**Exercise description**:
Restate the data below word for word, and let no image into your version.
◆ ◆ ◆ ◆
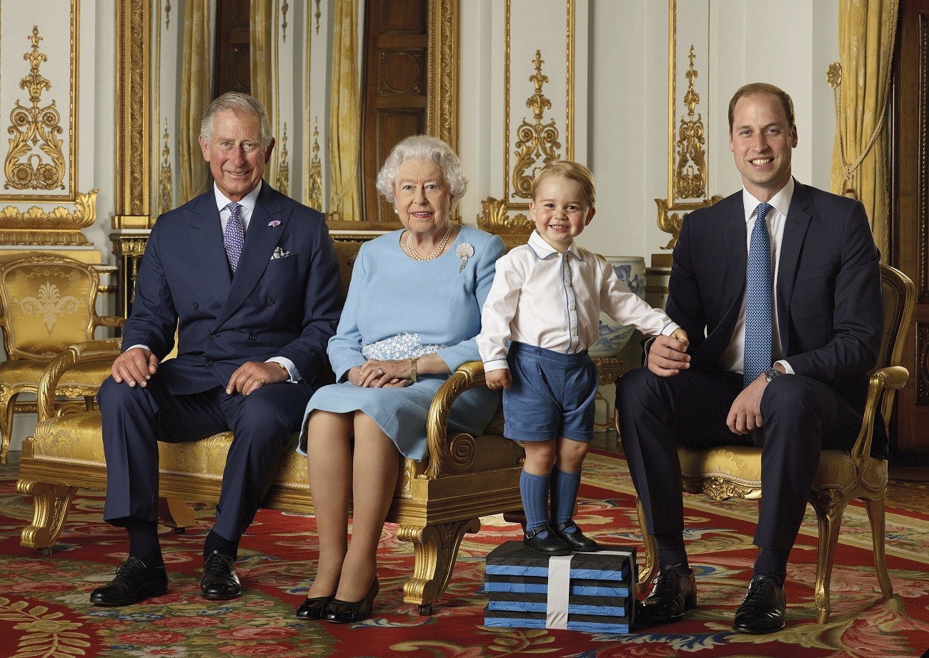 In this image released by the Royal Mail on Wednesday April 20, 2016, Britain's Prince George stands on foam blocks during a photo shoot for the Royal Mail in the summer of 2015 in the White Drawing Room at Buckingham Palace in London for a stamp sheet to mark the 90th birthday of Britain's Queen Elizabeth II. The image features four generations of the Royal family, from left, Prince Charles, Queen Elizabeth II, Prince George and Prince William, the Duke of Cambridge. (Royal Mail via AP/Ranald Mackechnie)
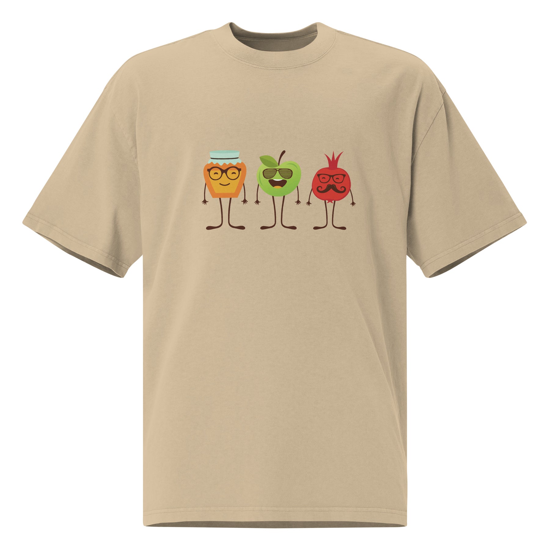 Comfy, cute, and perfect for the holiday — the Honey Apple Pomegranates Oversized Faded Tee brings an easy, relaxed vibe to your Rosh HaShana look. The design features the classic Jewish New Year trio — honey, apple, and pomegranate — each with their own charming personality. It’s playful, festive, and exactly the kind of Shana Tova shirt that makes people smile the second they see it.
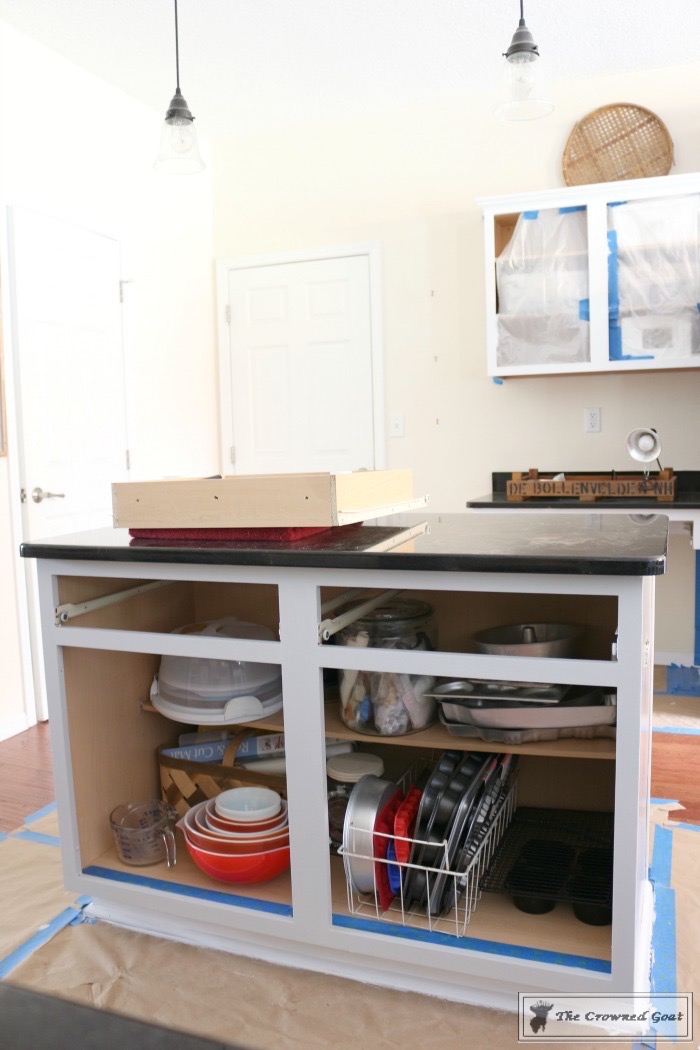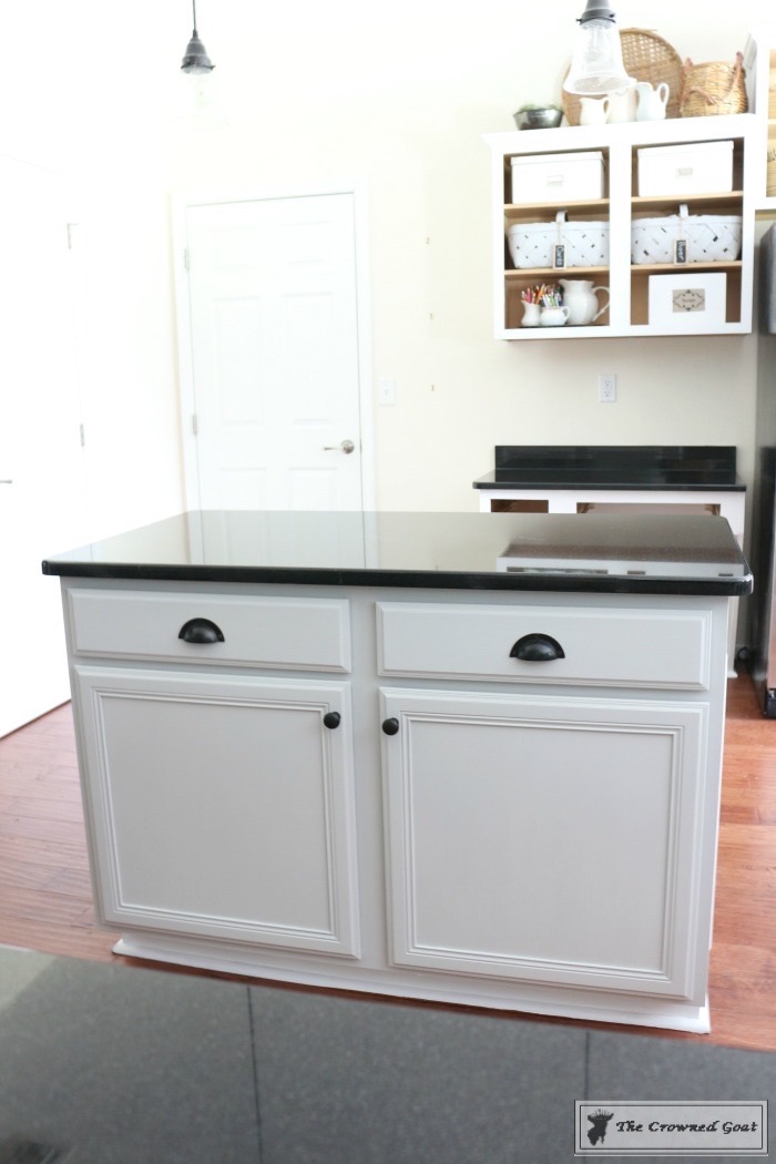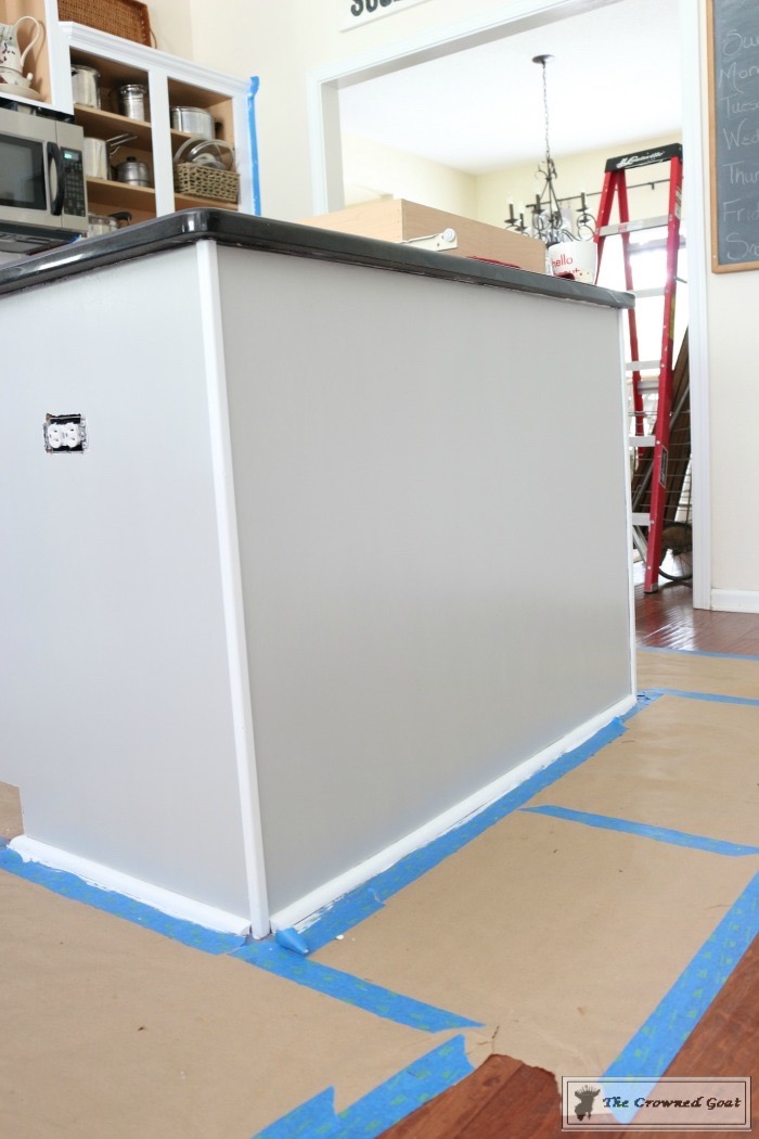 If you have one, use the same method to paint the kick plate on the base of the kitchen island cabinet.
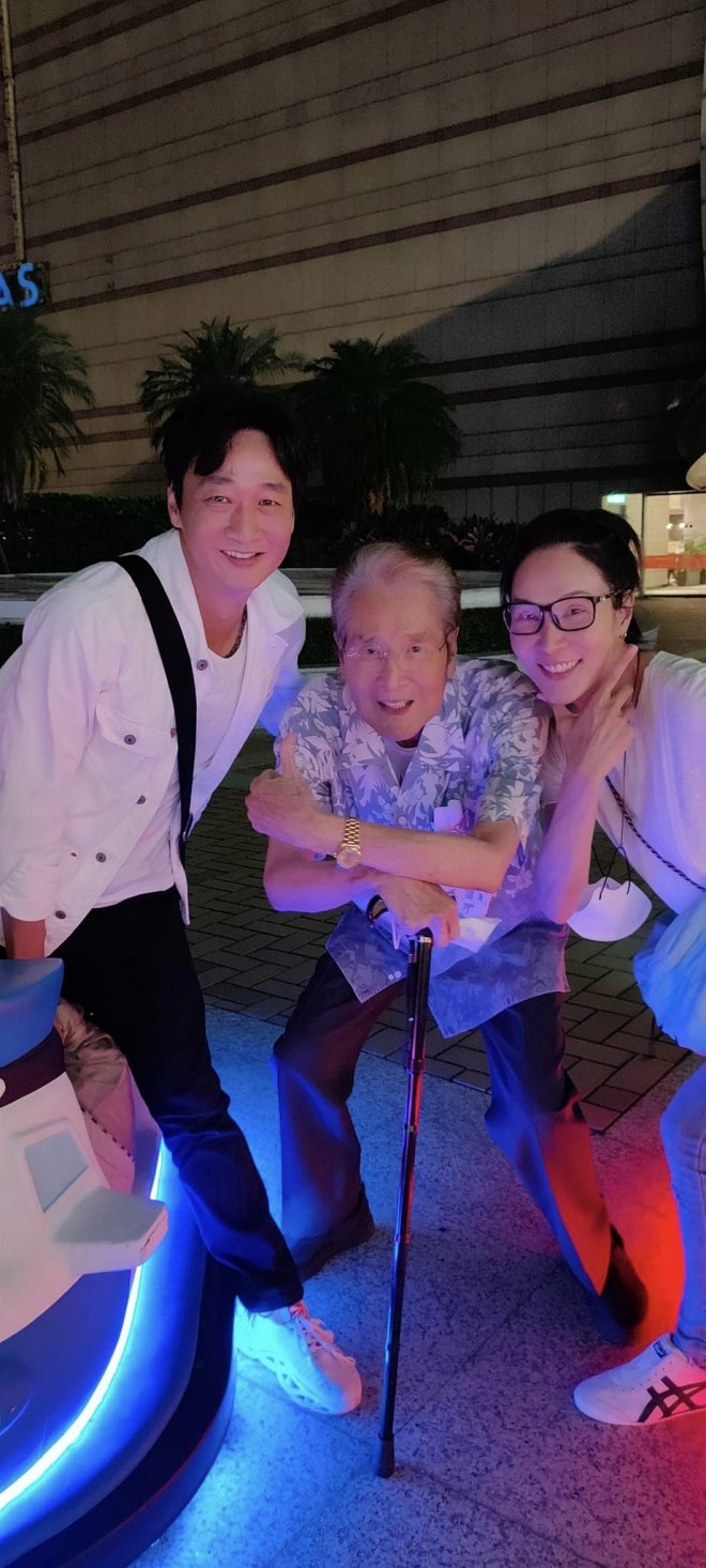 家人們看到石英走累了,便拿出自備的折疊椅讓他坐下,享受著天倫之樂的石英,看起來精神矍鑠、狀態硬朗,當時父親節時,他也曬出全家福照片,和家人們歡慶節日,並祝大家父親節快樂。
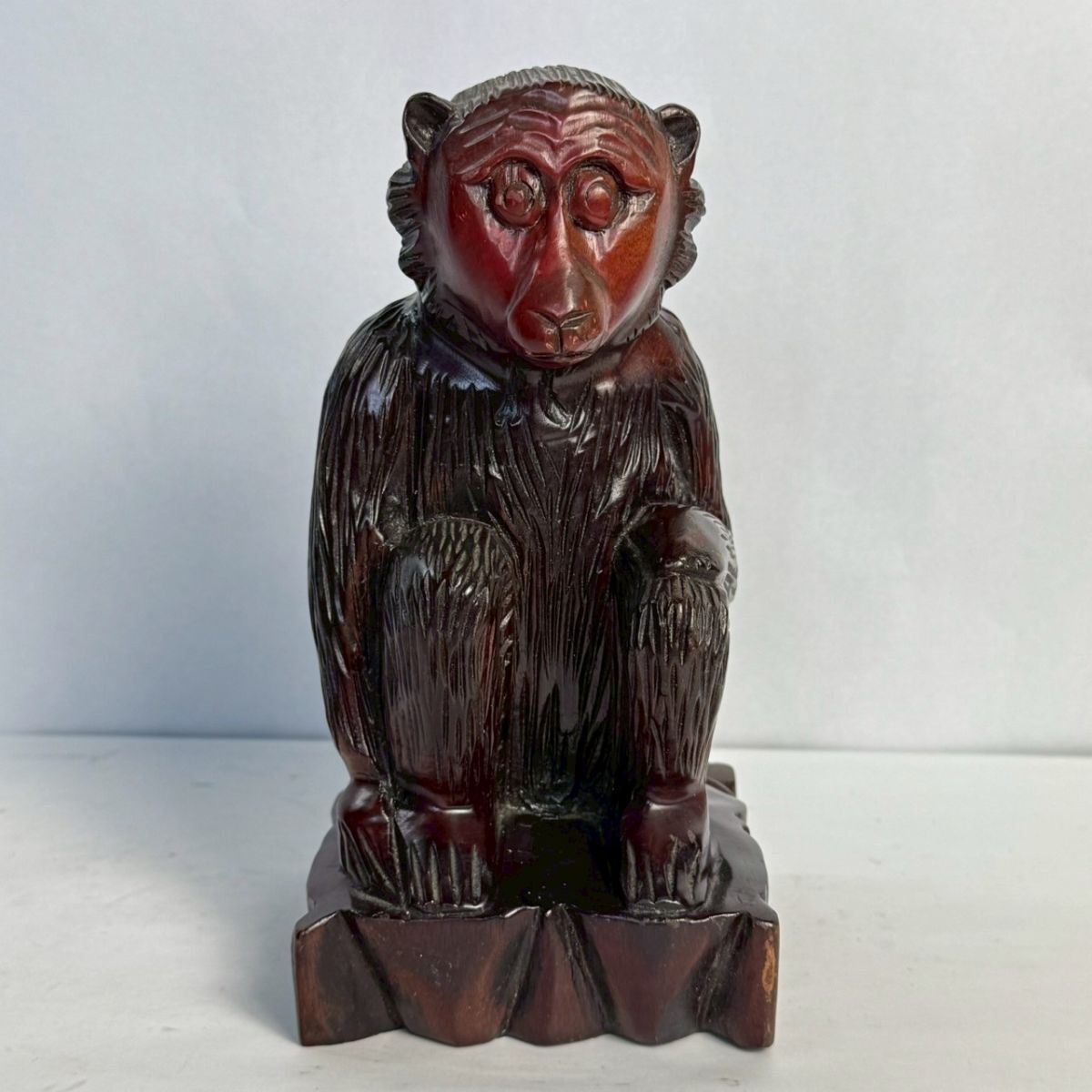 > 置物 猿 サル 紅木色 縁起物 伝統工芸品 古美術 昭和レトロ アンティーク ヴィンテージ 長期保管品 W4q R7728
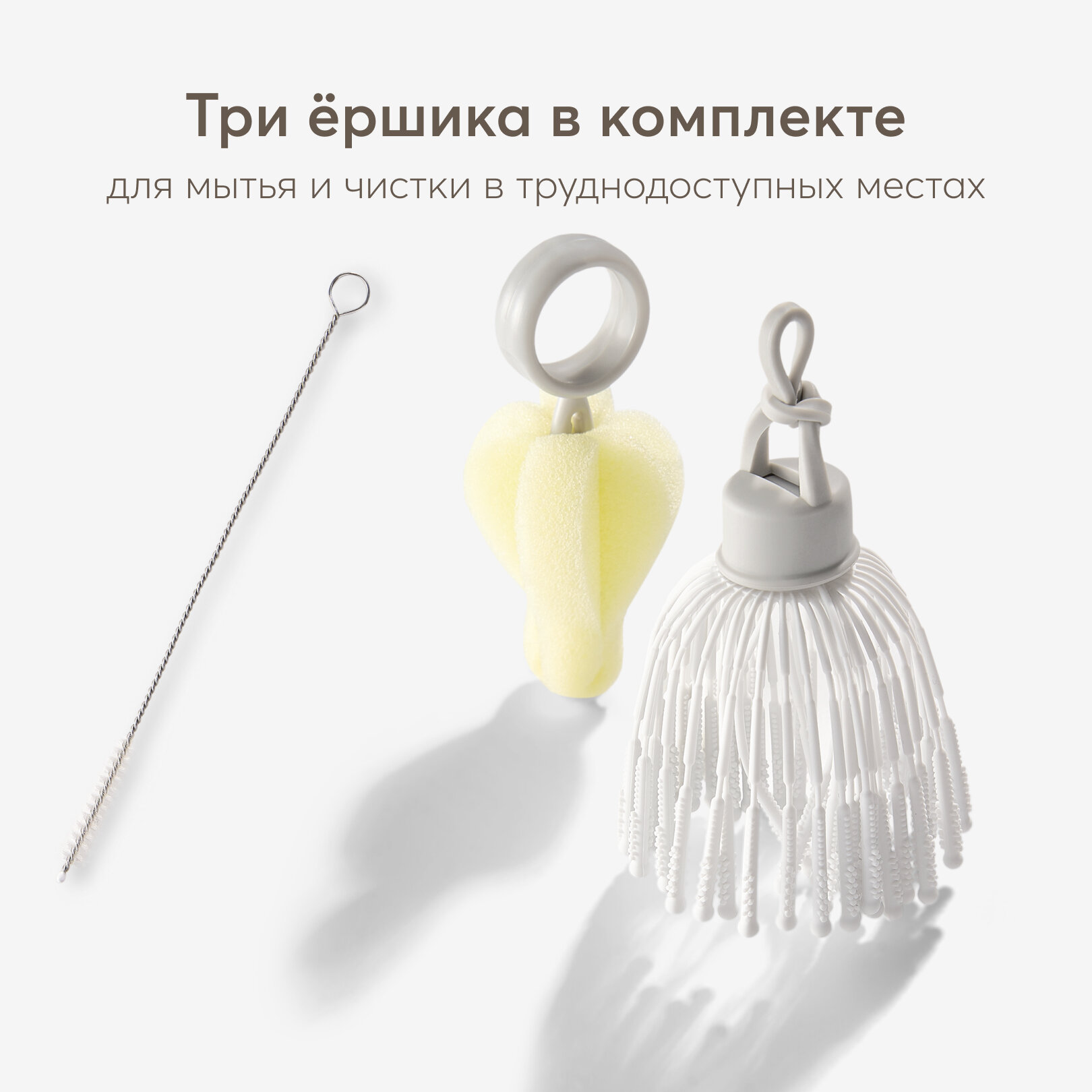 10 цен на 11030, Щетка для бутылочек Happy Baby, набор щеток, ершик, принадлежности для мытья детской посуды, 2в1, серые
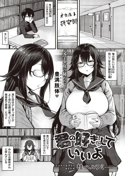 『君の好きにしていいよ(単話)』を読む ▶オカルト研究部に所属する俺は、部員の地味だけど爆乳で隠れ美人な藤咲さんに催●術をかける!!こんな茶番効く訳ないよな…と思っていたが、まさかの効果てきめん☆特盛のデカパイを堪能し、さらにはバキュームフェラまで言う事を聞いてくれて!?それから所構わず藤咲を呼び出す俺だったが、彼女から衝撃のお願いを聞かされ――!ドスケベ女子ならおまかせ♪ 桂ハルフミ先生が描く、豊満ボディな文学少女にリビドーぶちまける本…
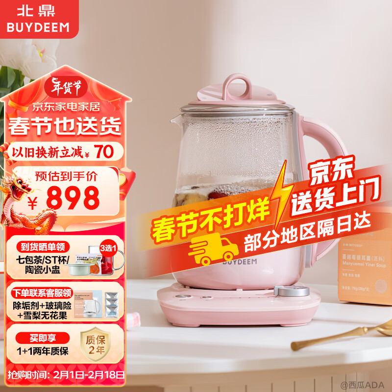 北鼎(Buydeem)智能养生壶烧水壶 家用电热水壶多功能煮茶器恒温热水壶智能APP互联 Smart K单壶猪猪粉价格:898.00元!
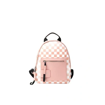 Plaid Backpack Made of durable material Adjustable carrying straps Small handle Zip pocket on the front
◆ ◆ ◆ ◆
**Solved exercise**:
 In this image released by the Royal Mail on Wednesday April 20, 2016, Britain's Prince George stands on foam blocks during a photo shoot for the Royal Mail in the summer of 2015 in the White Drawing Room at Buckingham Palace in London for a stamp sheet to mark the 90th birthday of Britain's Queen Elizabeth II. The image features four generations of the Royal family, from left, Prince Charles, Queen Elizabeth II, Prince George and Prince William, the Duke of Cambridge. (Royal Mail via AP/Ranald Mackechnie)
 Comfy, cute, and perfect for the holiday — the Honey Apple Pomegranates Oversized Faded Tee brings an easy, relaxed vibe to your Rosh HaShana look. The design features the classic Jewish New Year trio — honey, apple, and pomegranate — each with their own charming personality. It’s playful, festive, and exactly the kind of Shana Tova shirt that makes people smile the second they see it.
 If you have one, use the same method to paint the kick plate on the base of the kitchen island cabinet.
 家人們看到石英走累了,便拿出自備的折疊椅讓他坐下,享受著天倫之樂的石英,看起來精神矍鑠、狀態硬朗,當時父親節時,他也曬出全家福照片,和家人們歡慶節日,並祝大家父親節快樂。
 > 置物 猿 サル 紅木色 縁起物 伝統工芸品 古美術 昭和レトロ アンティーク ヴィンテージ 長期保管品 W4q R7728
 10 цен на 11030, Щетка для бутылочек Happy Baby, набор щеток, ершик, принадлежности для мытья детской посуды, 2в1, серые
 『君の好きにしていいよ(単話)』を読む ▶オカルト研究部に所属する俺は、部員の地味だけど爆乳で隠れ美人な藤咲さんに催●術をかける!!こんな茶番効く訳ないよな…と思っていたが、まさかの効果てきめん☆特盛のデカパイを堪能し、さらにはバキュームフェラまで言う事を聞いてくれて!?それから所構わず藤咲を呼び出す俺だったが、彼女から衝撃のお願いを聞かされ――!ドスケベ女子ならおまかせ♪ 桂ハルフミ先生が描く、豊満ボディな文学少女にリビドーぶちまける本…
 北鼎(Buydeem)智能养生壶烧水壶 家用电热水壶多功能煮茶器恒温热水壶智能APP互联 Smart K单壶猪猪粉价格:898.00元!
 Plaid Backpack Made of durable material Adjustable carrying straps Small handle Zip pocket on the front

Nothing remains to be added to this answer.